# I need a platform that allows bulk code entry



## cudderbean (17 March 2010)

I do a lot of my analysis in Bullcharts and Excel where I can in nanoseconds assemble a list of the codes in any format. I want to be able to bulk enter   “in one hit”    into a broker watchlist a whole string of up to 30 - 40 codes  from Excel as   (csv) BHP,CBA,WBC or  (space separated) BHP CBA WBC  or 
(vertical Excel list)
BHP
CBA
WBC

Previously on the Westpac platform I could do this (it used to be a wonderful site!), but with the new platform they have thrown the baby out with the bathwater and I now must tediously enter the codes one at a time into a separate code box for each code eg. BHP click down to the next box CBA click down to the next box WC..   ooops .. back space …WBC click down to the next box. I feel like some medieval monk hand copying the bible when the monastery used to own a printing press.
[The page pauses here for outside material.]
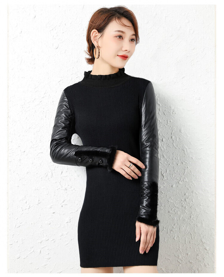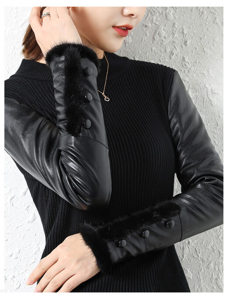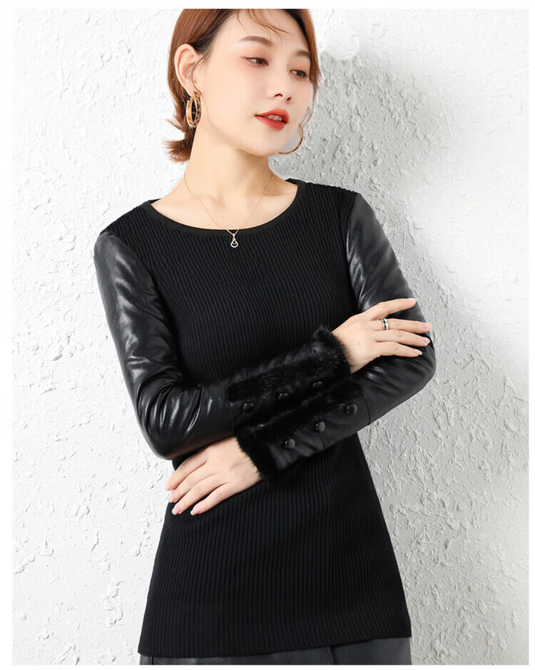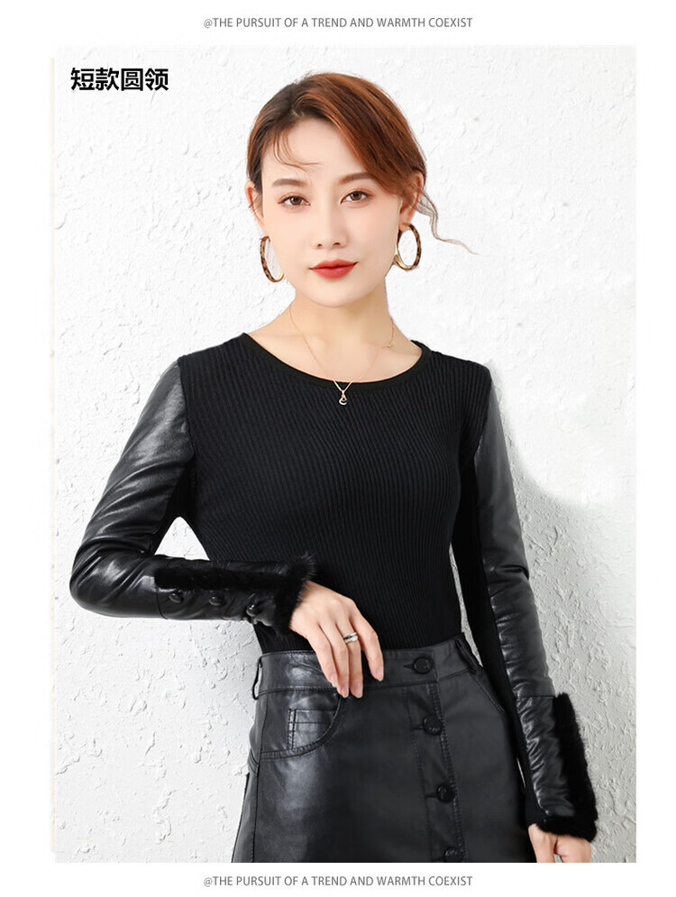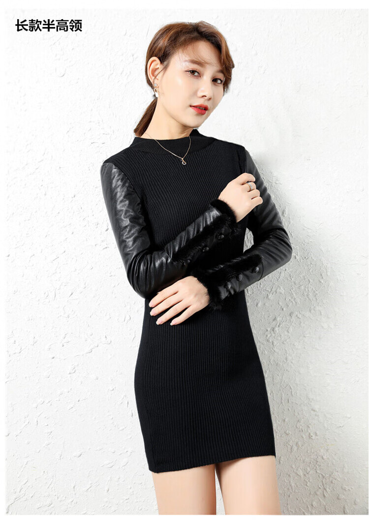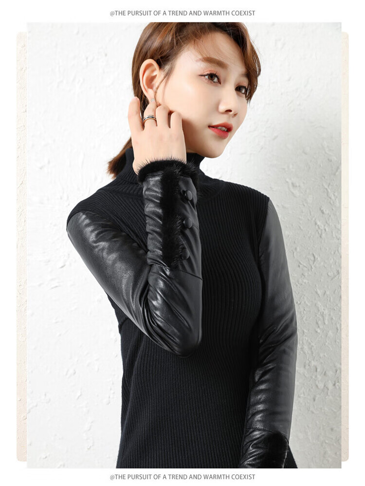 CARSEMKEITN Leather Sleeve Bottoming Shirt Women's Winter Slim Fit Plus Velvet Inner Knitted Sweater with Fur Down Cotton Sleeves Versatile Thickened Sweater Short Turtle Collar Velvet Sleeves S Recommended 80-95 Jin Jin equals 0.5 kg

So now I’m looking for a new broker. I have tried Macquarie Edge, Bell Direct, and Commsec. They were very helpful and prompt in reply, but unfortunately they tell me you must tediously enter codes one at a time on their platform also. A friend uses Etrade WebIress and she says yes they do have this bulk entry feature, but I don’t like their hefty brokerage rates, and would prefer an alternative if there is one. 
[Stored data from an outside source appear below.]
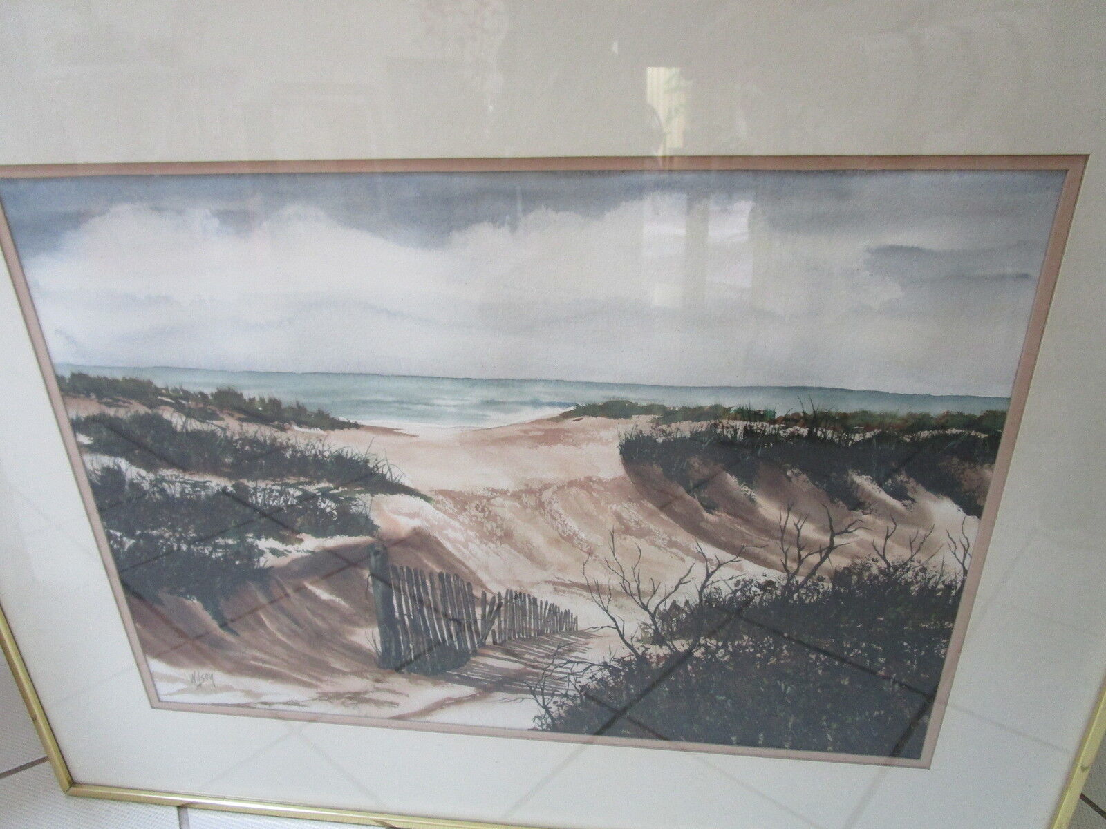 Original watercolor signed "Wilson" Dunes and Sand, Beach Original Ocean Painting, Beach Landscape, frame is 29 x 22 and art is 25 x 18, plastic cover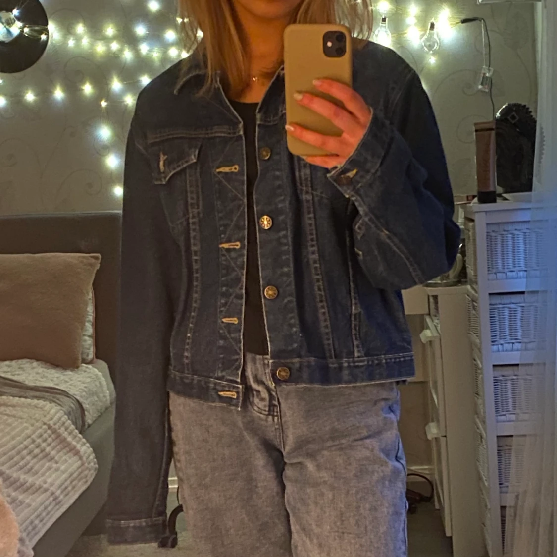 Snygg jeans jacka. Storlek S men kan andvändas mellan xs-M! I bra skick. Färgen är mörkblå och passar till det mesta. 100% bomull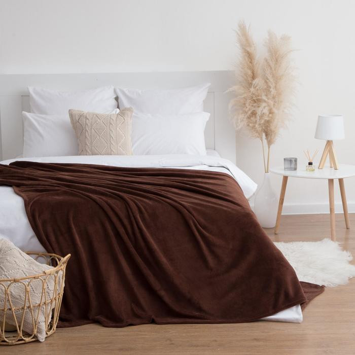 Приятная мягкая ткань. Красивый шоколадный цвет. Очень комфортный размер. Можно сложить вдвое и укрыться осенне-зимними вечерами.

Are any of you out there using an online broker who includes this bulk entry of codes “into” a watchlist feature? The reverse process getting them out of the watchlist and into Excel is easy for me with a simple copy and paste and a macro. It’s the getting the codes INTO the watchlist quickly that I’m looking for.

Thank you for your help

:bier:


----------



## Trembling Hand (17 March 2010)

*Re: I need a platform that allows bulk code entry please*

http://www.interactivebrokers.com/mkt/mktban/index.php?src=asf1


----------



## titl4 (17 March 2010)

*Re: I need a platform that allows bulk code entry please*

or the 3rd party Australian brokers which use the IB platform - Kinetic, Halifax etc.



Trembling Hand said:


> http://www.interactivebrokers.com/mkt/mktban/index.php?src=asf1


----------